Fast forward to today.
Nearly all of that optimism has faded as political
maneuvering has all but vanquished the prospect of “regular order” in
the Senate. The House has passed six appropriations bills, which now must move
through the Senate and then be signed by President Obama before becoming law.
The most recently passed House Energy and Water bill faces a veto
threat from the Obama administration, adding further uncertainty to
the process.
We can cue the excuses and
partisan blame game over the next several weeks as the gridlock is likely to
continue. Despite appropriators’ initial momentum, the dysfunction
that characterized appropriations in 2013 seems to have returned.
Unless substantial headway is made, it is likely Congress will resort to a
either a 1,000-plus-page omnibus or a continuing resolution—an extension of
current policy at the current or higher level— to push more than $1 trillion in
spending through the process without due diligence.
Simply following the
budget process Congress ascribed to itself should be obligatory. But Congress
has not passed all 12 12 appropriations bills—each of which funds specific
areas of the government—since 1997.
Editorial comment: The last sentence, above, is not true. In fact, the current crop of Democrats do not have the mental ability to create an actual budget. Think I am only being petty? Well, answer me this: How ignorant do you have to be to have written budget proposals (Obama did this) that have been defeated in the Senate 97 to Nothing and 99 to Nothing, and in the House, defeated by a vote of 414 to Nothing and, last year, 416 to two? How can that be? Obama an intellectual ? - only in the comic book section of the Congressional Record.
And although the process is designed to
foster debate to improve the likelihood representatives prioritize spending in
accordance with the national interest, lawmakers have avoided using the budget
process as intended. Instead, Congress waits until the last minute to use the
threat of a government shutdown to ram through bloated stopgap measures. As
former Budget Committee staffer Patrick Louis Knudsen, put
it:
“Lawmakers no longer miss
budget deadlines; they breach them deliberately and regularly, obliterating any
notion of a fiscal year as the government runs on a series of temporary
spending measures.”
Editorial note: " . . . Congress waits until the last minute . . ." is not true. Only a Democrat Congress does this . . . never a Congress run by the GOP, never. We have not had a budget since Obama took office. Why?
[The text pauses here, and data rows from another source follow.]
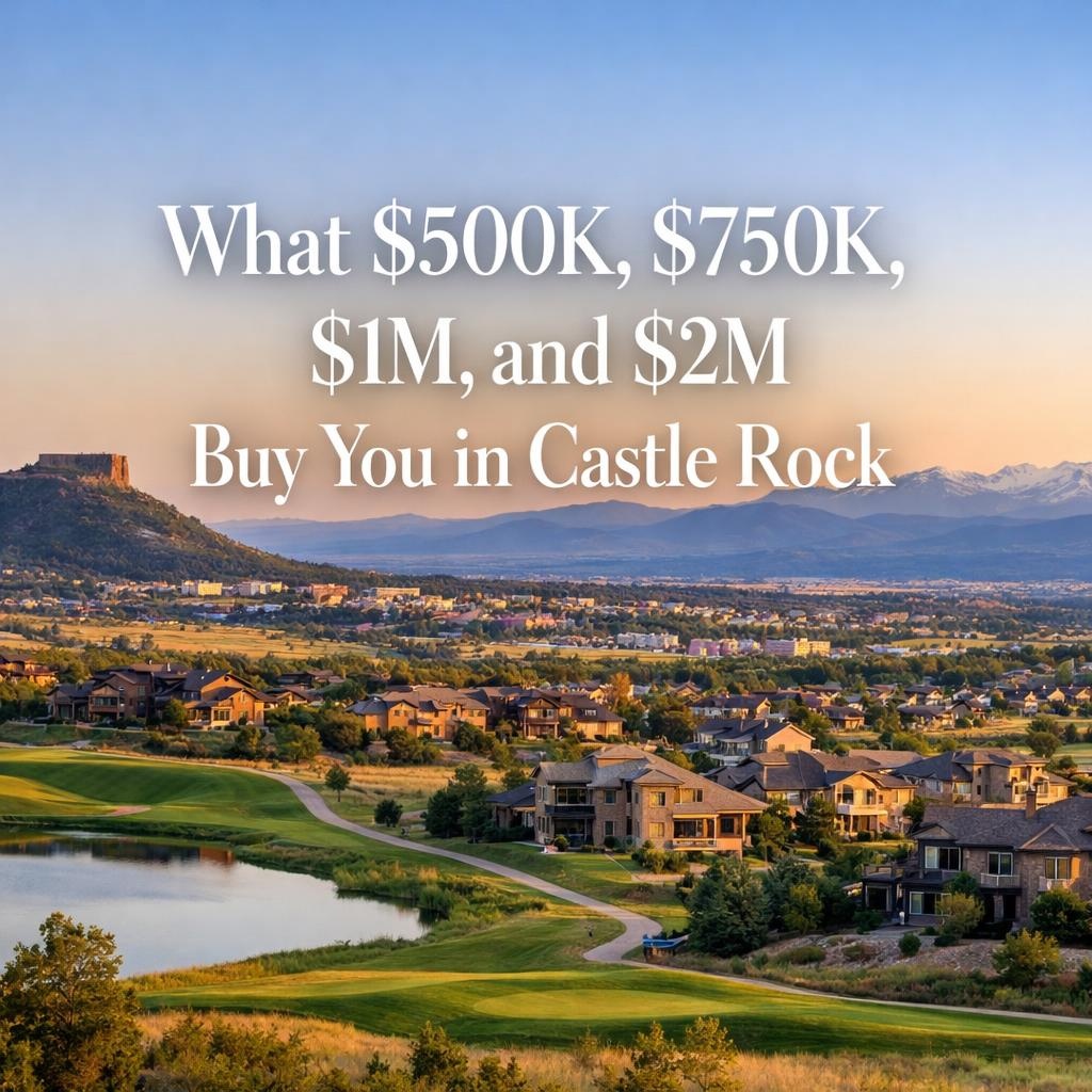 Castle Rock’s price tiers reflect Douglas County’s school premiums, I-25 commute advantages to DTC and Colorado Springs, and resilient housing against expansive clay soils and frequent hail at 6,200 feet elevation. In late 2025’s balanced market with medians around $665,000 and 43-50 days on market, $500K accesses starter townhomes near Douglas Lane Elementary; $750K unlocks family ranches in The Meadows; $1M targets luxury colonials in Castle Pines Village; and $2M delivers custom estates on acreage overlooking Castle Rock butte. These segments guide equity decisions amid 99% sales-to-list ratios and ownership costs including 0.6% taxes plus HOA-funded trails buffering microbursts.
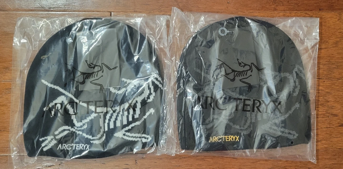 Selling two brand new Arc'teryx beanies, still in their original packaging. They're black with a distinctive white knit design and the Arc'teryx logo. These hats are perfect for staying warm during colder weather.
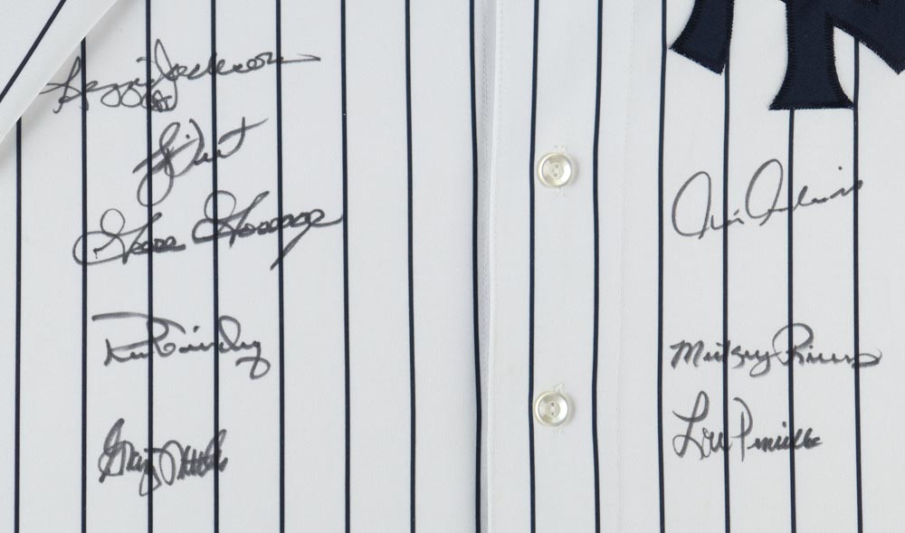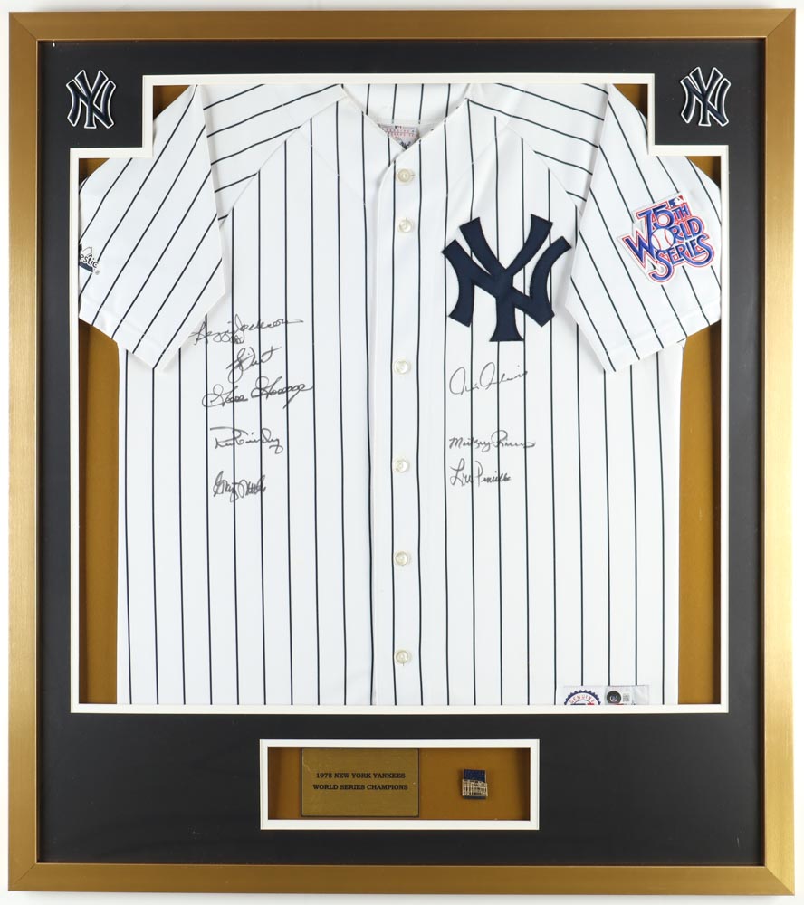 Custom frame measures approximately 32" x 37" in size and and features a custom 75th World Series New York Yankees Jersey that has been hand-signed by (8) with Reggie Jackson, Craig Nettles, Lou Piniella, Mickey Rivers, Bucky Dent, Goose Gossage, Ron Guidry, and Chris Chambliss.
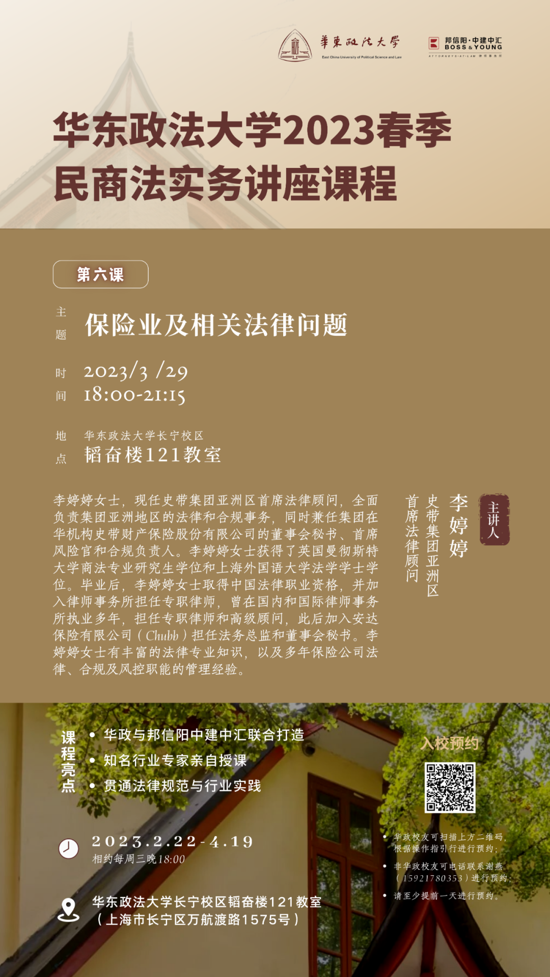 邦信阳中建中汇 & 华政2023春季民商法实务讲座课程第1期 | 预告

Because it opens up a debate on spending, a discussion the Left never wants to have when they are in power.
Lawmakers’ failure to
abide by their own rules erodes democratic procedures and cedes undue power to
bureaucrats in federal agencies. Instead, Congress should return to regular
order and debate the merits of funding certain programs instead of simply
signing off on across-the-board funding increases. To truly revive the power of
the purse, lawmakers should consider a
new budget process that enhances Congress’ constitutional role to limit
out-of-control government spending and debt and reins in the unchecked power of
Washington agencies.
Editorial notes: Actually, a new system is not needed. The old system worked fine until the 2010 fiscal cycle - Obama's first. If you haven't noticed, you need to make note of the fact that the Obamanites use the excuse, "We have to pass it now. Things are too important to wait for debate and process and committee reports." They have done this with the Stimulus bill of 2009, the Omibus bill of 2009, and any appropriation bill during his reign.